GILROY, Calif. (KION)
Gilroy Police Chief Scot Smithee was heading home the evening of July 28, 2019 when he heard a message come through on his police radio – "active shooter at the Gilroy Garlic Festival."
“Did I hear what I thought I heard? It is also disbelief,” Smithee tells KION in an interview one year after the tragedy.
Dozens of agencies quickly responded from all around the Central Coast and Bay Area. A massive search around Gilroy started as law enforcement tried to contain the scene and learn what just happened.
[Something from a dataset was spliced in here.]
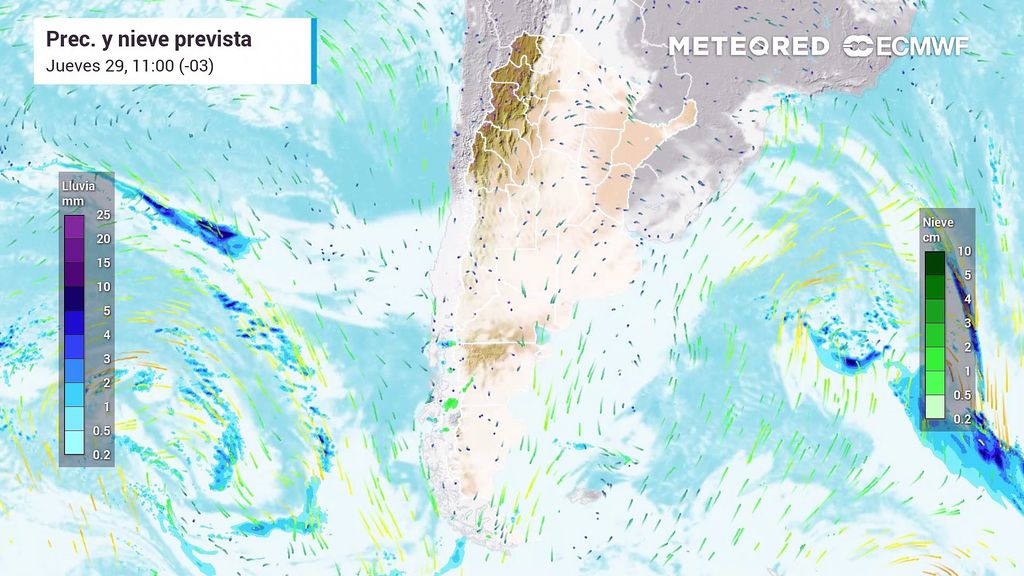 En tanto, durante el fin de semana, se prevé que vuelvan a registrarse nevadas de variada intensidad en la zona cordillerana de la Patagonia argentina, especialmente sobre las provincias de Neuquén, Río Negro y el norte de Chubut, zona que podría tener nuevamente eventos de moderada a fuerte intensidad, particularmente durante el domingo.
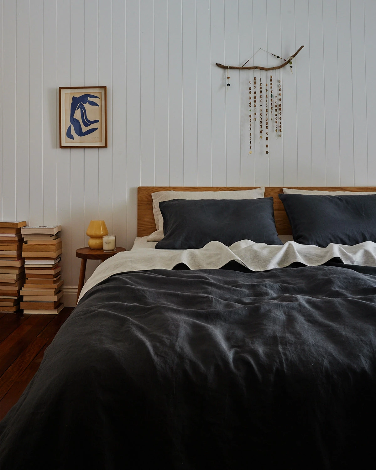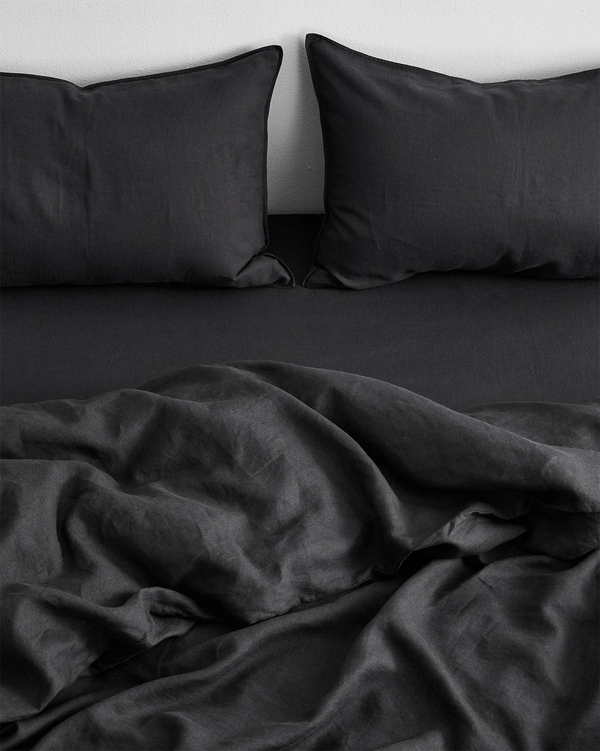 Natural, breathable and buttery soft, our 100% French flax linen pillowcases in Charcoal are pure everyday luxury. This set of two standard size pillowcases features an envelope opening to snugly secure your insert, so you can enjoy plump and protected pillows every time your head hits the them.

While in the days after the shooting it was announced there was no second gunman that day at Christmas Hill Park, in the moments following the shooting Smithee says people were coming up to officers explaining the possibility of a second person involved.
“There were some differences that led to believe ‘maybe it’s true. Maybe it’s not’. But it is something we could not take likely. We had to make the assumption there could be another threat out there” Smithee says.
The threat at the Gilroy Garlic Festival was over in just 60 seconds. Three officers charged the lone gunman, shooting him, before the suspect turned the gun on himself.
But in those 60 seconds, unimaginable tragedy. More than a dozen people were wounded, many by gunfire, three of them were killed – Stephen Romero (6), Keyla Salazar (13) and Trevor Irby (25).
To this day, there is still no officially confirmed motive for why the shooter attacked the garlic festival. But it was known quickly that his social media posts showed signs of anger and hate.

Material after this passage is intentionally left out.